A 4-meter rigid inflatable boat powered by a 40-hp outboard motor is stowed amidships.

==Operational history==
In March 2018, the BRP Nestor Reinoso provided assistance to the P/Y Atlantis Asorez, a yacht with about 20 foreign guests southeast off Tubbataha Reef off the coast of Palawan. While on routine patrol, the Patrol Craft was informed that one of the Asorez's passengers suffered an injury and required medical evacuation upon which the BRP Reinoso obliged. The injured passenger was safely brought to the nearest hospital upon reaching shore.

In August 2018, the BRP Nestor Reinoso made two rescues in Palawan, the first was when it responded to a distress call and rescued 28 passengers from the Athan Uno which ended up being half submerged after being hit by strong waves on its way to do fishing in the West Philippine Sea (WPS). All of the passengers were delivered safely later to El Nido.

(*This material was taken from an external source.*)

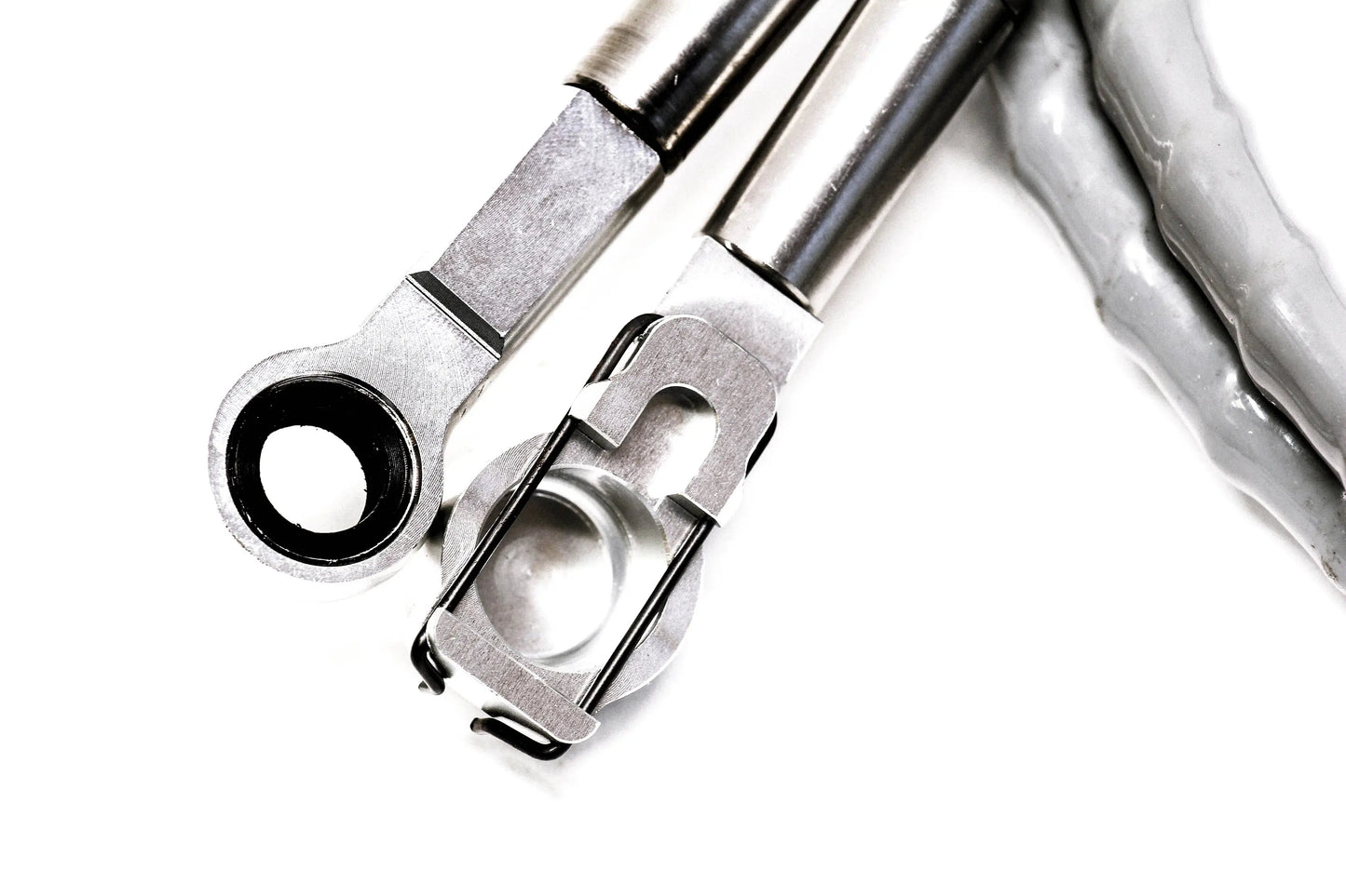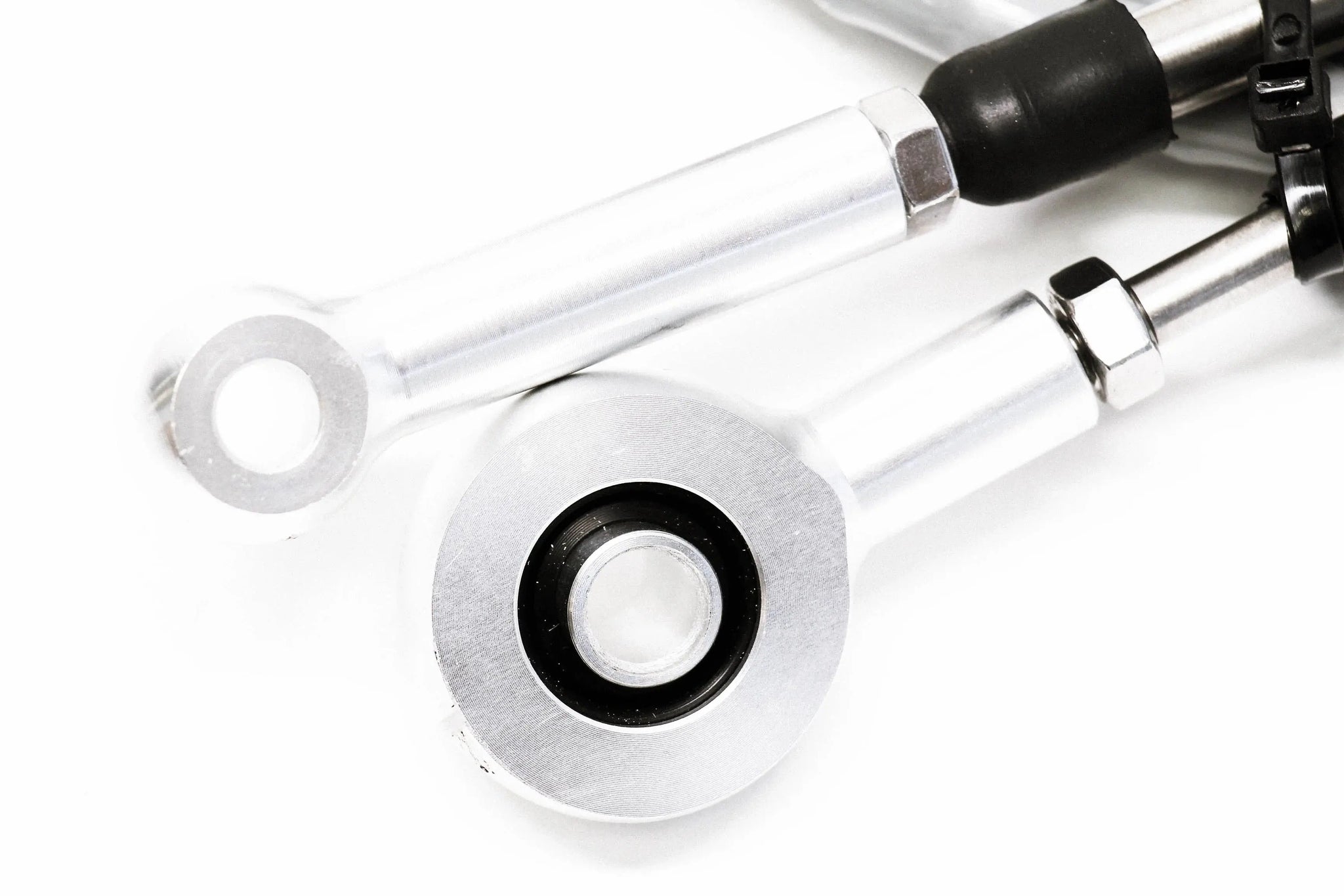 - Gear selector with a billet rod end, with added a spherical Delrin insert to allow proper movement.

Just a couple of days later, the Tourist Boat M/B Cleopatra was on its way to Bacuit Bay for a Private Tour when it broke its bow due to strong waves when it was spotted by the BRP Nestor Reinoso which subsequently towed the ship to El Nido after transferring its 10 passengers to other boats which assisted in the rescue.

In September 2018, the BRP Nestor Reinoso along with the BRP Sindangan (MRRV-4407), BRP Cabra (MRRV-4409) and BRP Benguet (LS-507) secured and assisted the BRP Gregorio del Pilar (FF-15) which ended up being grounded at the Hasa-Hasa Shoal (also known as the Half Moon Shoal) in the South China Sea. The BRP Gregorio del Pilar was eventually pulled out from the shoal a couple of days later.